How RPA and AI Revolutionize the Banking & Finance Industry
What is the Difference Between RPA and AI?
The majority of people perceive RPA and AI as identical technologies, yet they are distinct from each other, and it’s crucial to understand which specific benefits each technology provides. Robotic process automation is a type of software, which is designed exclusively for automation of tedious and monotonous functions and does not correlate to human intelligence. On the other hand, AI software is dedicated to solving problems that would require human cognition, like recognizing certain patterns, learning, self-improving from previously processed data, and making future forecasts.

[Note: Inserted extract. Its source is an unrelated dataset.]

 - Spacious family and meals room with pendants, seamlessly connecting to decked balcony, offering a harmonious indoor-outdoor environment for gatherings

Regardless of their divergence, in some cases, both technologies may be combined to produce intelligent automation and create the utmost efficiency for financial services.
Let’s have a closer look at how RPA, AI, or their combination can benefit the financial sector.

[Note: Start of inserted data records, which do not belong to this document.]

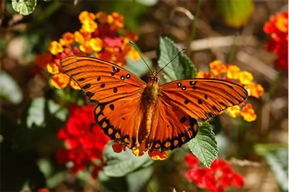 Each year the numbers and variety of nectar plants in your garden can be increased. Try adding a few caterpillar food plants (host plants) such as dill or wild fennel for the anise swallowtail, mustard or cabbage for the cabbage butterfly, and passion vine for the gulf fritillary. While most adult butterflies feed on nectar from a variety of flowers, caterpillars have different requirements. Some species of caterpillars will munch happily on leaves of several different plants, some will accept only one family of plants, and others will feed on only one genus or species. Native plants attract many species of butterflies. Click this link http://www.cnpssd.org to go to The California Native Plant Society for lists of natives that attract butterflies.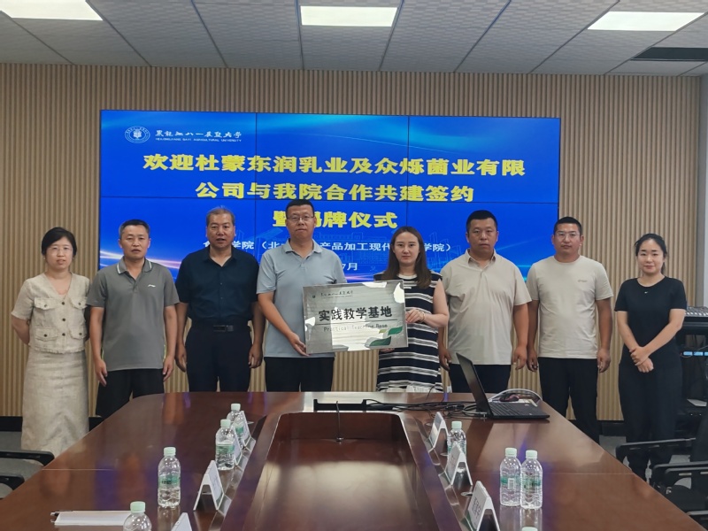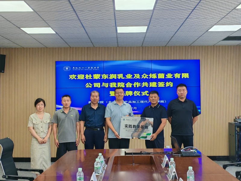 为贯彻落实校企地协同育人建设工程,拓展员工实习实践平台,7月25日上午,公司与杜尔伯特蒙古族自治县东润乳业有限公司、众烁菌业有限公司实习合作签约暨挂牌仪式在best365中国官方网站3050会议室举行。副经理王洪江、农产品加工团队教师牛广财、魏文毅、王鹤霖,杜尔伯特县克尔台乡副乡长聂国宇、一心乡党委副书记王鑫麟、东润乳业有限公司总经理王宇、众烁菌业有限公司法人李明轩等人出席仪式并座谈交流。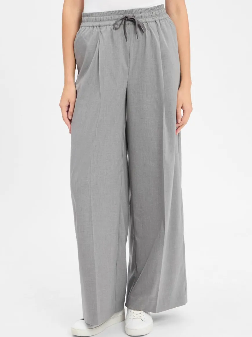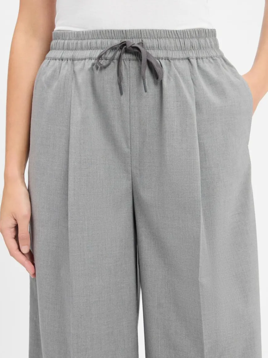 Die Samsoe Samsoe Hose Sarila erhält durch Bund- und Bügelfalten sowie die Leistengesäßtasche einen klassischen Look, während der elastische Tunnelzugbund ein komfortables Finish schenkt.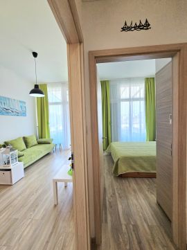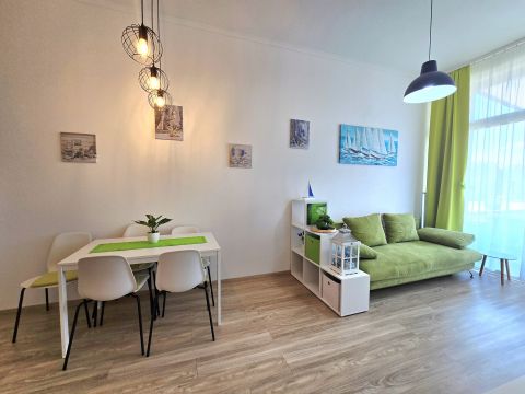 A kertkapcsolat külön értéket képvisel, hiszen a vízparti lakásoknál ez kifejezetten ritka adottság.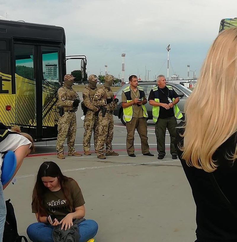 Зрештою, людей протримали на злітній смузі у спеку і вітер в оточенні невідомих людей у екіпіровці.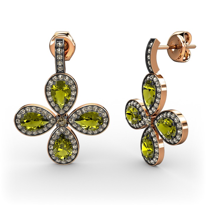 Dumanlı kuvars ve peridot 925 ayar rose altın kaplama gümüş küpe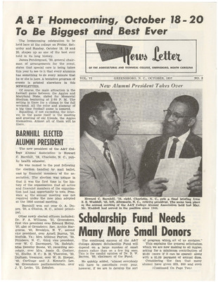 Front page article about Howard C. Barnhill '1938 being elected as the new president of the A&T Alumni Association. A photo obituary of agriculture legend S. B. Simmons '1914 and the retirement of E. Ray Hodgin as secretary-treasurer of the college since 1926. News of Miss A&T and Bert Piggott being elevated to head football coach. The 1957 Homecoming schedule is also included.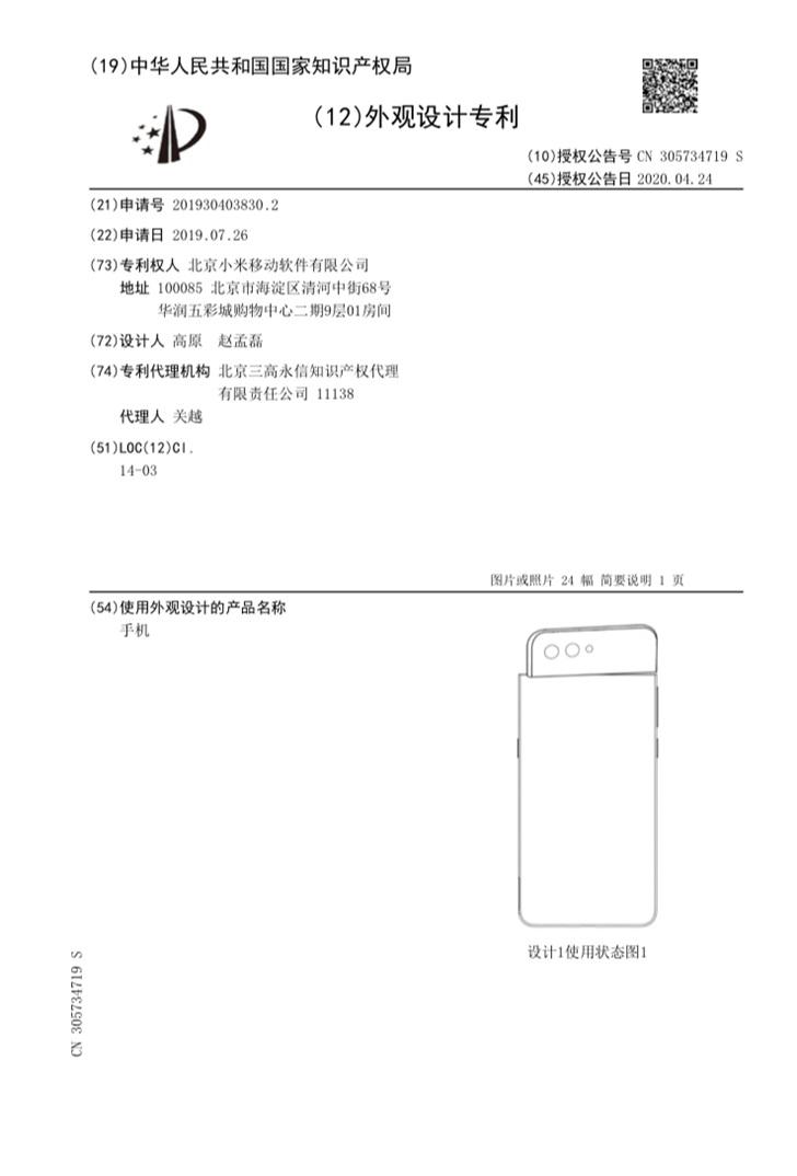 原标题:旋转式后摄模组设计:小米最新手机专利曝光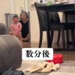 • お風呂上がりで上機嫌な1歳娘だったが…次の瞬間、背後にいた“初めて見る姿のパパ”に「一気に急降下」「こわいよね」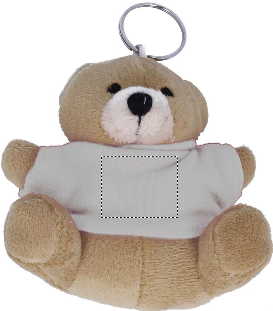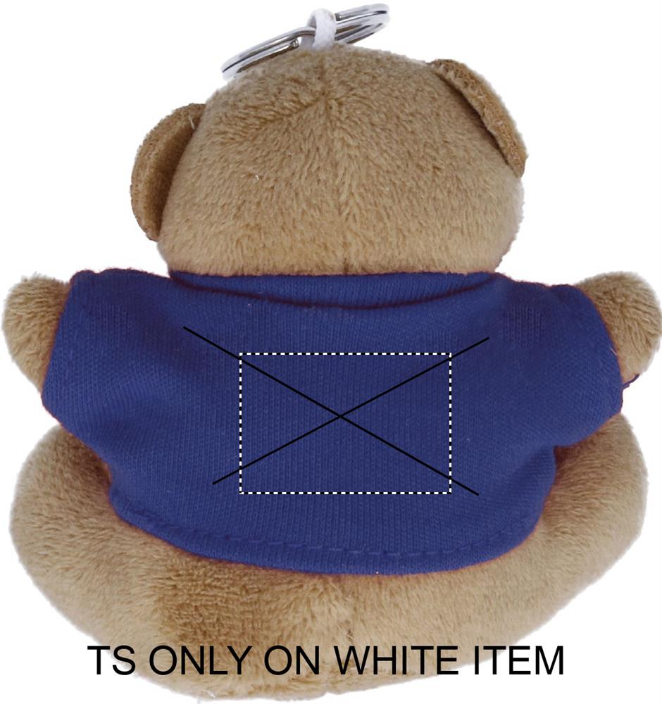 Teddy bear plush key ring. 100% cotton t-shirt for logo imprint.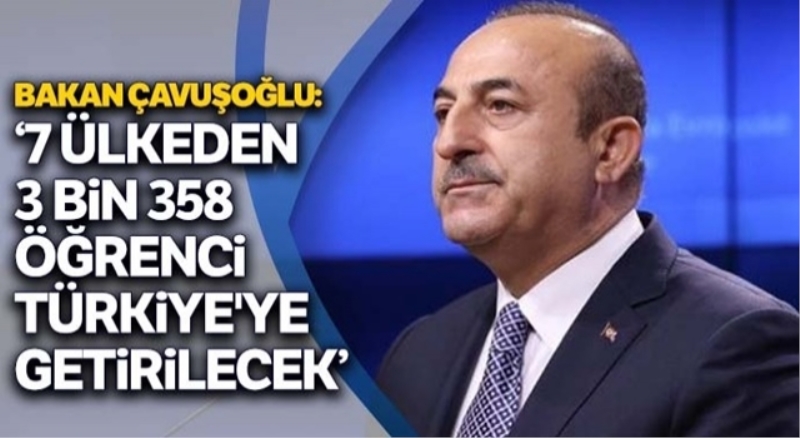 Dışişleri Bakanı Mevlüt Çavuşoğlu, 7 ülkeden 3 bin 358 öğrencinin Türkiye'ye getirilerek, Sakarya ve Samsun'daki yurtlarda karantinaya alınacaklarını söyledi.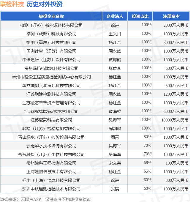本站消息,根据天眼查APP显示,联检科技(301115.SZ)新增一起对外投资事件,被投资公司为江苏国正检测有限公司,法定代表人徐淑彩,投资占比为2%。该公司从事专业技术服务业日升策略,注册资本为1020.4082万人民币。目前,联检科技共存在对外投资39项,投资占比前20的项目见下表: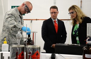 Team Mildenhall leadership welcomed distinguished guests July 28, 2016. Amanda Simpson, Deputy Assistant Secretary of Defense for Operational Energy, and Robert Warshel, Director of Operations, Operational Energy Plans and Programs, took part in a tour of the installation, hosted by the 100th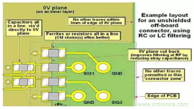 5、接口信號的濾波、防護(hù)、隔離器件等盡可能靠近接口連接器處,相應(yīng)的信號連接線必須盡可能短(符合工藝要求條件下的最短距離)。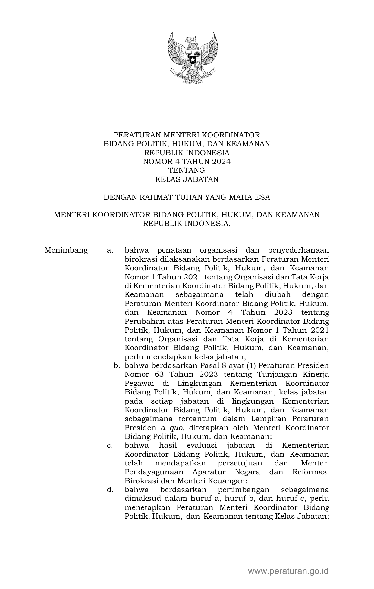 PERMEN Nomor 4 Tahun 2024 | Peraturan Menteri Nomor 4 Tahun 2024 tentang KELAS JABATAN

The Key Benefits of Implementing RPA in Financial Services
Automated Processing of Financial Services
The overwhelming majority of financial institutions still heavily rely on manual processes, which makes them inefficient, creates unnecessary expenses, and increases the probability of errors and fraud. Implementing RPA can exclude these issues and facilitate both backend and frontend business operations. A perfect example of RPA in banking is accounts payable processing, which is a monotonous task and does not require any intelligence, only extracting, validating and processing certain data. Optical character recognition (OCR) reads the data, sends it into the RPA system, which then approves it, completes the payment, and notifies the workers in case of errors. Moreover, RPA can optimize other kinds of services that are used by financial institutions on daily basis, like generating financial statements, reconciliation of account balances. Implementing RPA may also significantly accelerate the general documentation flow, account closure requests and report automation processes.

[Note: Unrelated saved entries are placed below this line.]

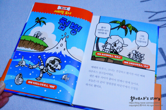 그 영향은 바로 지난달에 처음 읽기 시작한 초등코믹북 뼈뼈사우루스 때문이랍니다.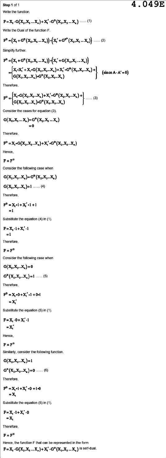 Step of 1 4.049E Write the function. (1) Write the Dual of the function F. (2) Simplify further. Therefore, FD = (3) Consider the cases for equation (3). =0 Therefore, Hence, Consider the following case when (4) Therefore, =1 Substitute the equation (4) in (1). =1 Therefore, Consider the following case when (5) Therefore, = Substitute the equation (5) in (1). Hence, Similarly, consider the following function. (6) Therefore, Substitute the equation (5) in (1). Therefore, Hence, the function F that can be represented in the form self-dual.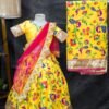A radiant Paithani half saree set in glowing yellow, beautifully adorned with multicolor floral motifs all over. Paired with a pink netted dupatta detailed with lace work, this ensemble is perfect for young women who love ethnic elegance.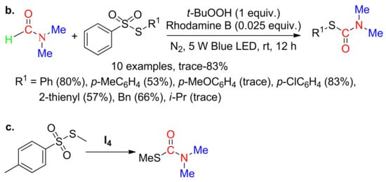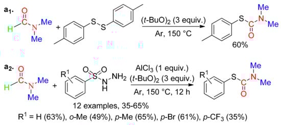 Mao, Zhang, and co-workers reported the thiolation of the C–H bond of DMF using di-tert-butyl peroxide and either 1,2-di-p-tolyldisulfane (Scheme 19(a1)) or arylsulfonyl hydrazides and aluminum chloride (Scheme 19(a2)) [65], while Bi, Feng, Geng, and co-workers recently used tert-butyl hydroperoxide and S-aryl arenethiosulfonates under visible-light irradiation (Scheme 19b) [66]. This last procedure is, however, ineffective for DMF thiolation with 1,2-di-p-phenyldisulfane [66]. According to the authors [65,66], these reactions involve the radical I4. Jia’s team, in the course of the study of functionalization of styrenes with thiosulfonates and arylboronic acids in acetone/DMF, also proposed that S-methyl dimethylcarbamothioate isolated as a by-product was formed from the reaction of S-methyl 4-methylbenzenesulfonothioate with I4 (Scheme 19c) [67].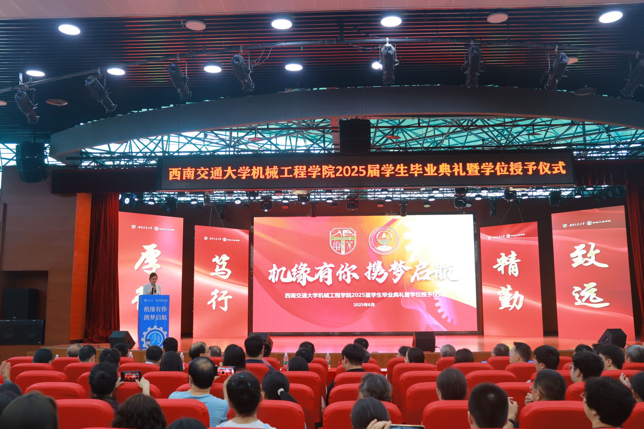 “机缘”共此时,扬帆启新程!云博电子·(中国)网站“机缘有你,携梦启航”2025届学生毕业典礼暨学位授予仪式于6月20日在犀浦校区二食堂三楼隆重举行。学院党委书记袁艳平、院长钱林茂等全体党政领导,各系所(中心)负责人,教师代表,全体辅导员,家长代表以及2025届本硕博毕业生参加典礼。大家齐聚一堂,共同见证这一庄严而温馨的时刻,为即将踏上人生新征程的机械学子送上最真挚的祝福。典礼由学院党委副书记沙晓雪主持。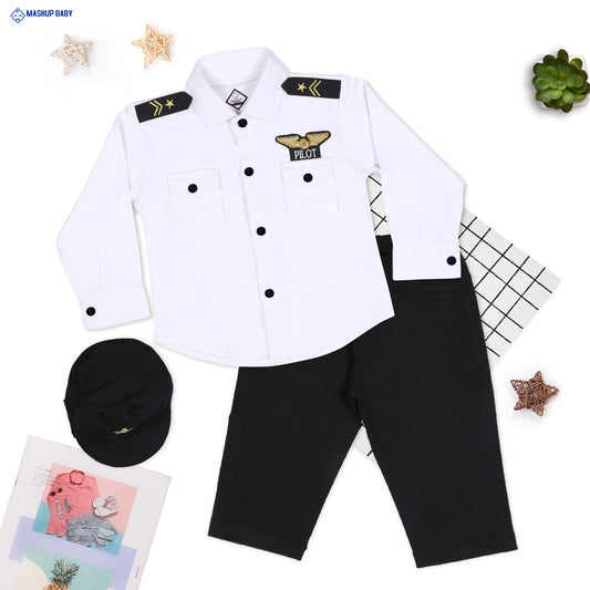 Sky-High Style: Pilot Shirt, Pants, and Cap Set!

Implementing RPA in finance can notably optimize credit card application processing. It has the ability to interact with various systems at once, and validate different types of data, like background and credit checks. Most importantly, RPA functions on a set of pre-based rules and is able to accept or reject the application. RPA application potential does not end at better credit card processing. It may also be applied to other aspects of credit management sections, like underwriting services for potential borrowers.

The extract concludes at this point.